Thanks, will do that next.

Argo says pH of water isn't all that meaningful, actually, relative to alkalinity of water, which helps determine the appropriate fertilizer to use.


----------



## PaphMadMan (May 14, 2017)

A couple points. If you are only testing a solution that is close to neutral, say 6-8, then a one point calibration at 7.0 is perfectly reasonable. If you want to be accurate over a range then a 2 or 3 point calibration is better, but your meter doesn't support that anyway.

The fact that the reading was 7.6 initially is meaningless. It takes most pH electrodes at least a couple minutes to reach equilibrium with the solution, especially a low ionic strength unbuffered solution like rainwater. 

7.0 or 7.01 is a meaningless distinction in terms of realistic pH measurement, and actually variable depending on temperature of the solution. Unless you have a moderately sophisticated meter and electrode that does temperature compensation, and is capable of that kind of accuracy and precision, it just doesn't matter.


----------



## gonewild (May 14, 2017)

You can safely assume your rainwater is not alkaline. You said your pH meter first reads 7.6 and then drops to 7.0(neutral). The fact that it drops from an alkaline reading down to neutral pretty much proves that.

I think you can consider rainwater as being neutral regardless of what your pH meter says. It is "neutral" because when it comes into contact with minerals it will quickly shift pH up or down and reflect the pH of the newly dissolves salts.


----------



## D-novice (May 14, 2017)

OK, so my next question would be, why isn't it acid? Rainwater is supposed to 5.5 or so.
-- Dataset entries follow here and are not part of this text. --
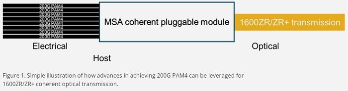 圖 1. 簡單說明如何利用 200G PAM4 技術的進步來實現(xiàn) 1600ZR/ZR + 相干光傳輸。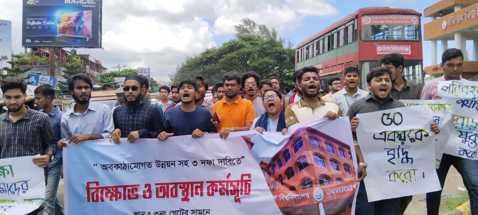 অবকাঠামোগত উন্নয়নসহ ৩ দফা দাবিতে বরিশাল বিশ্ববিদ্যালয়ের (ববি) সাধারণ শিক্ষার্থীরা বিশ্ববিদ্যালয়ের সামনে ঢাকা-পটুয়াখালী মহাসড়কে বিক্ষোভ মিছিল ও মানববন্ধন করেছে।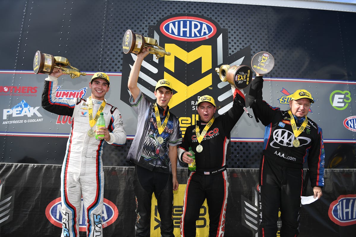 Robert Hight (Funny Car), Tanner Gray (Pro Stock), and LE Tonglet (Pro Stock Motorcycle) were also winners in their respective categories at the third of six playoff events during the 2018 NHRA Mello Yello Drag Racing Series Countdown to the Championship.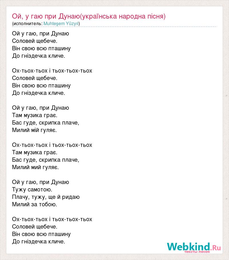 Ой у гаю, при Дунаю Соловей щебече. Він свою всю пташину До гніздечка кличе. Ох-тьох-тьох і тьох-тьох-тьох Соловей щебече. Він свою всю пташину До гніздечка кличе. Ой у гаю, при Дунаю Там музика грає. Бас гуде, скрипка плаче, Милий мій гуляє. Ох-тьох-тьох і тьох-тьох-тьох Там музика грає. Бас гуде, скрипка плаче, Милий мий гуляє. Ой у гаю, при Дунаю Тужу самотою. Плачу, тужу, ще й ридаю Милий за тобою. Ох-тьох-тьох і тьох-тьох-тьох Соловей щебече. Він свою всю пташину До гніздечка кличе.

I didn't mention, I did test some vinegar, just to confirm that my meter was capable of registering acid, and it came out at about 3.3 (I don't remember exactly, I was just doing it to confirm the meter would work on that).
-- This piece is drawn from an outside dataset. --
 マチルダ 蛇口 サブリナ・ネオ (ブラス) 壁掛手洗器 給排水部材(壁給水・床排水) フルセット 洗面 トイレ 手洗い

Presumbably, if it were acid, my meter would register that, since it is correct for calibrating solution and for vinegar. I'm going to assume that my meter was correct (7.0) for my rainwater. 

Could it be that there is an assumption that most rainwater has picked up sulfuric acid and the like from coal-burning plants, as would be the case in much of the world, but that mine, coming from storms blowing straight off the Pacific Ocean, isn't carrying the same acid load?


----------



## PaphMadMan (May 15, 2017)

The mild acidity of rainwater in most places is due to dissolved carbon dioxide, typically putting it between 7.0 and 5.5 or so. But as nearly pure water without any buffering capacity that acidity is nearly meaningless. As soon as you add something like fertilizer to that water the pH is determined by the fertilizer regardless of the original dissolved carbon dioxide. Or when you put rainwater into organic media like bark or moss it is the media itself and soluble minerals and organic compounds in it that make the final pH, not the weak acidity from carbon dioxide. 

If your meter had been calibrated at 7 and the reading eventually equilibrated to 7, it was probably about 7 and just wasn't anywhere near carbon dioxide saturation.

Acid rain caused by sulfuric acid emissions is usually a more localized effect directly downwind, and for an air mass coming off the Pacific that would not be an issue.


----------



## Ray (May 15, 2017)

The equilibrium pH for pure water dissolving carbon dioxide from the air is 5.3. However, that is not all it can dissolve. Even some of the alkaline components of glassware can affect it, if they haven't been extracted by acid "curing" and thorough rinsing before use.


----------